Review by Booklist Review
Although Go's English-language debut--thoughtfully translated by Park--is officially recommended for readers ages 10 to 14 years old, this sweet, poignant tale deserves to be appreciated by all audiences, particularly adults with aging parents. Queue the (cathartic) ugly tears, though, and prepare with plenty of tissues. The everlasting love story belongs to Mr. Go Jadong and Ms. Kim Soonim, war orphans who married and had three children, the eldest of whom is Go's father. Go spent every school break with her grandparents, laughingly upholding house rules for toilet paper ("two squares for pee, three for poop"), appreciating silliness ("my grandfather sang me my cartoon theme songs . . . not even close to the original ones on TV"), basking in a "house filled with summer lingering" (power fans, ripe watermelon, afternoon naps). "I loved watching my grandparents being so sweet to each other because my own parents were so busy fighting back home." Grandpa was Grandma's only friend, but Grandpa cared for all--especially those disrespected or dismissed by judgmental strangers. But the joy fades when Grandpa dies; Grandma loses her voice and over two long, lonely decades, gradually shrinks away. Their posthumous reunion near book's end proves heartbreakingly glorious. Go gently illustrates her stupendously affecting narrative in mostly black-and-white, with and without panels, with soft overlays of mostly pastels, making the few pages with bright colors utterly spectacular.
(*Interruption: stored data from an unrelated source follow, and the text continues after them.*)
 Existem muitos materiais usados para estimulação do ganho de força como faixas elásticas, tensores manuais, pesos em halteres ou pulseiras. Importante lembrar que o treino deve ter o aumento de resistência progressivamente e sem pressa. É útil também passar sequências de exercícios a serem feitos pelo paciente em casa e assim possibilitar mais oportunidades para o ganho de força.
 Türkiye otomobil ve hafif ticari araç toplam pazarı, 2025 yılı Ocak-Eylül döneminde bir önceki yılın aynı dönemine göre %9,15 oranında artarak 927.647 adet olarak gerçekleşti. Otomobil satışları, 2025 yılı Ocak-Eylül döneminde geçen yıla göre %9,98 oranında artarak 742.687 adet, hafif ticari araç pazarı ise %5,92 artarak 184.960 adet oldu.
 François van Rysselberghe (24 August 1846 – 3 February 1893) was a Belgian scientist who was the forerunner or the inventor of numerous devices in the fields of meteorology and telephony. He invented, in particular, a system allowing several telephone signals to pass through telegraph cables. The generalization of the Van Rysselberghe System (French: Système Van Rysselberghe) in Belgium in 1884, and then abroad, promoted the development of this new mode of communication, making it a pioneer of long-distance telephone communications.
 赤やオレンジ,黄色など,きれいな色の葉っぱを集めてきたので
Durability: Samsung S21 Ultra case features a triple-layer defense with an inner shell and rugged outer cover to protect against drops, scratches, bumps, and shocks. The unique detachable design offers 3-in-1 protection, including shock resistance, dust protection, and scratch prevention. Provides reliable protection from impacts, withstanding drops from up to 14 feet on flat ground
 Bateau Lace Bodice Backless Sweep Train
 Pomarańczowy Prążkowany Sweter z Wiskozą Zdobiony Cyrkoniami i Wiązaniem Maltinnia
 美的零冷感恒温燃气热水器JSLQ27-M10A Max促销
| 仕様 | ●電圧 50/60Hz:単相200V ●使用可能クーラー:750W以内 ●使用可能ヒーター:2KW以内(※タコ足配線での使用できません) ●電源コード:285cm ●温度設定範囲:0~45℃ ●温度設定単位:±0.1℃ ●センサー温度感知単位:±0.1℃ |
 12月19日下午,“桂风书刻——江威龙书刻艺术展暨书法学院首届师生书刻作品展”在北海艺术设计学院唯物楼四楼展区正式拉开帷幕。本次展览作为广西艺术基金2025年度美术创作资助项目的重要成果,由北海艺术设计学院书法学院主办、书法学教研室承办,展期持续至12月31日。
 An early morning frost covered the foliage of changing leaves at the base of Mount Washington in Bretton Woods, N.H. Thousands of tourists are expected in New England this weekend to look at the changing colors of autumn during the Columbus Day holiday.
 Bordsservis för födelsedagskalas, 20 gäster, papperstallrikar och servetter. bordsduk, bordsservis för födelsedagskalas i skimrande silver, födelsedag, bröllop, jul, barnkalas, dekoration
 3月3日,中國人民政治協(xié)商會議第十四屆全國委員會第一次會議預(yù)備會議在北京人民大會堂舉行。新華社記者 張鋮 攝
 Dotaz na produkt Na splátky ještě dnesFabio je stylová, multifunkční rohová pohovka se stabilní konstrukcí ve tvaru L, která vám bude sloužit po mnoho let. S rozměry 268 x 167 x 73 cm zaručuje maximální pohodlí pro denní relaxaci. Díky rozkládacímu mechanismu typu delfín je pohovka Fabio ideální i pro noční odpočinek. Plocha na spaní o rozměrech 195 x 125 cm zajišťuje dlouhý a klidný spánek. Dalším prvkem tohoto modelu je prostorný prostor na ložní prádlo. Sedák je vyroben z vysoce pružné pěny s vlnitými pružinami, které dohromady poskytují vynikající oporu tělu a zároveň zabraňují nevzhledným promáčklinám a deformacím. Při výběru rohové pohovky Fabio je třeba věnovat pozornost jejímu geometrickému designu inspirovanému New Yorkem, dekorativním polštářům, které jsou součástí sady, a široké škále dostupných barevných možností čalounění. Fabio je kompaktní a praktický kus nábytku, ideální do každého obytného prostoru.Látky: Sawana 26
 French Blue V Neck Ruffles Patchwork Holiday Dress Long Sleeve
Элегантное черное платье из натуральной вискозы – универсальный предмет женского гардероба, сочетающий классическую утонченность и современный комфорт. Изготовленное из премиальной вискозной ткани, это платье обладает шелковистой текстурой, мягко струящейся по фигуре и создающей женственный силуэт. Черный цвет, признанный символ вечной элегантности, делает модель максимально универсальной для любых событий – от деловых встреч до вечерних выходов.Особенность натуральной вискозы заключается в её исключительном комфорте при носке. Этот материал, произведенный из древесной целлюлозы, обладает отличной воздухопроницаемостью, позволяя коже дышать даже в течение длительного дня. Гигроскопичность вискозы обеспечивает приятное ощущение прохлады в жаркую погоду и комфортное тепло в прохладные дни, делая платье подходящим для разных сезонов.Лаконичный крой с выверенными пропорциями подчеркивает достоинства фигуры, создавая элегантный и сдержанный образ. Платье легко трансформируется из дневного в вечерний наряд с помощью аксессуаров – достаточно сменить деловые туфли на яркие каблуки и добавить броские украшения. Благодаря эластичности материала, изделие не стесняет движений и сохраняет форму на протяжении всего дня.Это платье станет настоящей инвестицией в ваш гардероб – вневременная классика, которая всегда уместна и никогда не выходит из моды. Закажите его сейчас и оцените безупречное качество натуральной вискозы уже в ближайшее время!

From Booklist, Copyright (c) American Library Association. Used with permission.
Review by Publisher's Weekly Review
A child's unconditional love for their tender, quirky grandparents pivots into a bittersweet coming-of-age narrative in Go's delicate and raw autobiographical tale. The bespectacled narrator spends school vacations at their grandparents' home where simple pleasures--sitting in front of a fan, eating watermelon--prevail. Observing Grandfather's gentleness toward his small, shy wife, the child recalls, "I think I loved watching my grandparents being so sweet to each other because my own parents were so busy fighting back home." Grandfather's premature death of lung cancer prompts Grandma to withdraw emotionally; the now-older narrator tries to take his place, eventually witnessing the physical manifestations of her declining health. Crisp-edged cartoon-style illustrations rendered with loose pencil sketches give the work a handmade feel that parallels the tone of events: full pages of a sunny, colored-pencil childhood darken to smudged graphite comic-strip panels as Grandma's health worsens. Go's focus on scatological details, such as the couples' toilet paper rule of "two squares for pee, three for poop," presages Grandma's later incontinence, which is handled with compassion by her grandchild. It's a meditative graphic novel that twines the joys of living and the pain of loss into one indistinguishable braid. All characters cue as East Asian. Ages 10--14. (Mar.)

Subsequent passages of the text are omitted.